The Rev. Brad Sullivan
Lord of the Streets, Houston
December 7, 2025
2 Advent, A
Isaiah 11:1-10
Psalm 72:1-7, 18-19
Matthew 3:1-12

In the 1984 movie, Ghostbusters, Bill Murray, Harold Ramis, Dan Aykroyd, and Ernie Hudson played the heroes of the movie, the titular, “Ghostbusters.” They were three scientists and one brave man who joined up to get a steady paycheck, who fought ghosts together in New York. They were pretty good at it, caught a lot of ghosts and kept them locked away in their own custom containment unit.

Then, one of the city inspectors got upset with what they were doing, shut down the containment unit, releasing all the ghosts, and landing the Ghostbusters in jail. Then things went kinda wonky, and the mayor asked the Ghostbusters what they thought was going to happen. They described Biblical disasters: seas boiling, fire from the sky, 40 years of darkness, the dead rising from the grave, and then Bill Murray culminates their list of terrors with “dogs and cats living together, mass hysteria!”

I bring this up because, one, wouldn’t you start a sermon by quoting Ghostbusters, and two, because that’s what I thought of when I read today’s passage from Isaiah. “The wolf shall live with the lamb,” and “the cow and the bear will graze together.” That’s crazy, and yet, Isaiah wasn’t mass hysteria brought on by ghosts, but peace brought on by God. Now to be fair to Bill Murray, “dogs and cats living together, [that would be] mass hysteria,” but the rest of it, the wolf and the lamb playing together, and the bear and the cow sitting down to a nice brunch, that’s how Isaiah described God’s peaceable kingdom.

We’ve got these beautiful images, crazy, but beautiful images of such a fantastic peace throughout the world that wolves even give up eating the yummy, yummy sheep. You ever had lamb chops? It would take divinely inspired peace for me to say that ain’t tasty any more, but those are the kinds of images Isaiah gives us for God’s peaceable kingdom.

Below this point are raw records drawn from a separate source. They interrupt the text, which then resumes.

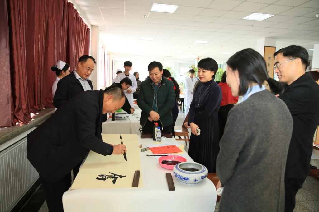 为深化“不忘初心牢记使命”主题教育,巩固主题教育成果,推进新时代美育教育深入开展,进一步弘扬中国传统文化,12月10日,长春市文联党组成员副主席孙德伟、中国美术家协会会员赵经武、吉林省书画院专业画家李廷先、中国书法家协会会员汪鹏辉、长春美协会员丁保山、长春美协会员田小平一行9名省市文学艺术界书画名家走进我校,隆重举办“翰墨医专、美育新人” 书画笔会。我校全体党委委员、书画爱好者以及部分师生代表参加笔会。
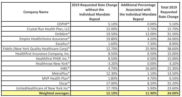 Yes, the NY DFS has actually done pretty much all the work for me...not only are they putting a hard number on the portion of next year's rate increases caused by the mandate being repealed at the statewide level, they even did so on a carrier-by-carrier basis:
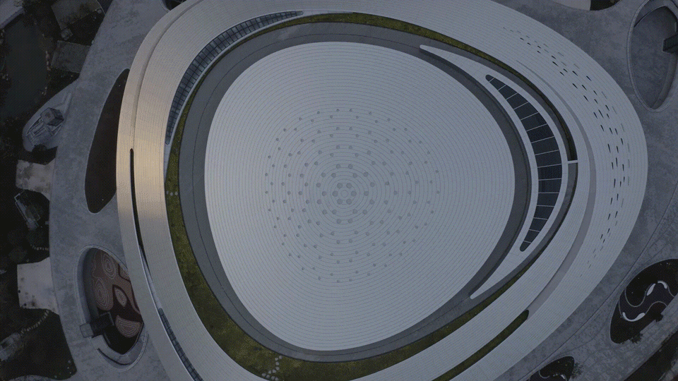 動感流暢的銀色建筑猶如時空穿梭中的“星際戰(zhàn)艦”,連接幻想與現(xiàn)實,融合建筑與環(huán)境。
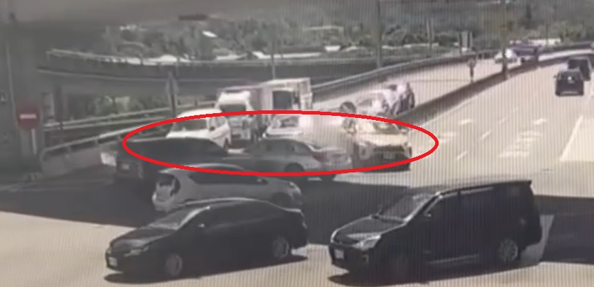 新店區中央路、環河路口發生自小客車看錯號誌闖紅燈,造成3車相撞事故(紅圈處)。翻攝畫面
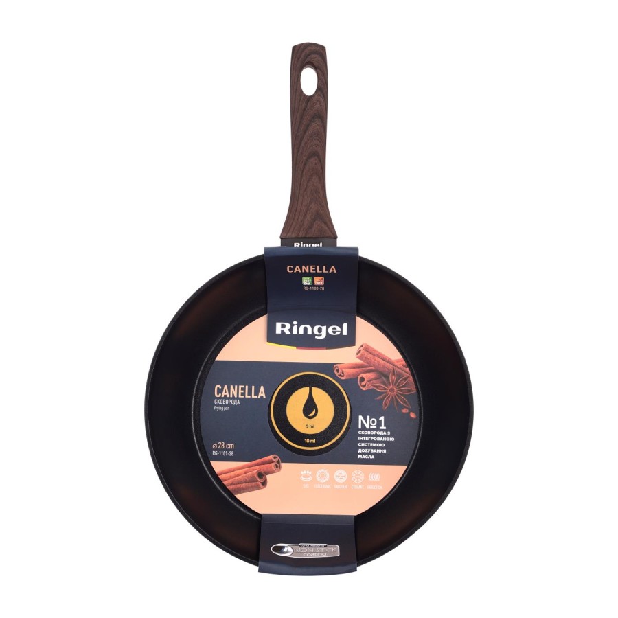 В кожну сковороду RINGEL інтегрована перша в світі система дозування олії. Найменша поділка системи відповідає 5 мл олії, а більша – 10 мл олії. За допомогою цієї системи ви зможете легко та швидко приготувати водночас здорові та смачні страви з використання мінімуму жиру та з максимальним збереженням корисних речовин у страві.
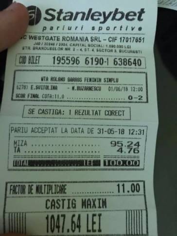 De această surpriză a profitat un parior din orașul Ploiești. Cu o zi înainte de meciul Svitolina – Buzărnescu, ploieștenul a mers la o agenție Stanleybet și a mizat 100 de lei pe o cotă 11! O astfel de cotă este foare rară în tenis. Nu o vedem prea des în ofertă, dar să fie și câștigătoare…

“What’s God’s kingdom of peace going to be like?”, Isaiah asks us. It will be like a baby playing right beside a venomous snake with no fear of being bitten, because the snake would no more bite the baby than the baby would eat the snake.

Don’t try that at home.

Isaiah is giving us an image of what God’s peaceable kingdom could be like. 

Now, we’re not going accomplish do this. We’re not actually going to be able to make bears eat grass or wolves frolic in the meadows with sheep. I don’t care how peaceful you feel, don’t anyone start the Rattlesnake-Nanny Childcare Center.

The image of the snake-baby-besties party is an image of just how deeply God intends to heal the world.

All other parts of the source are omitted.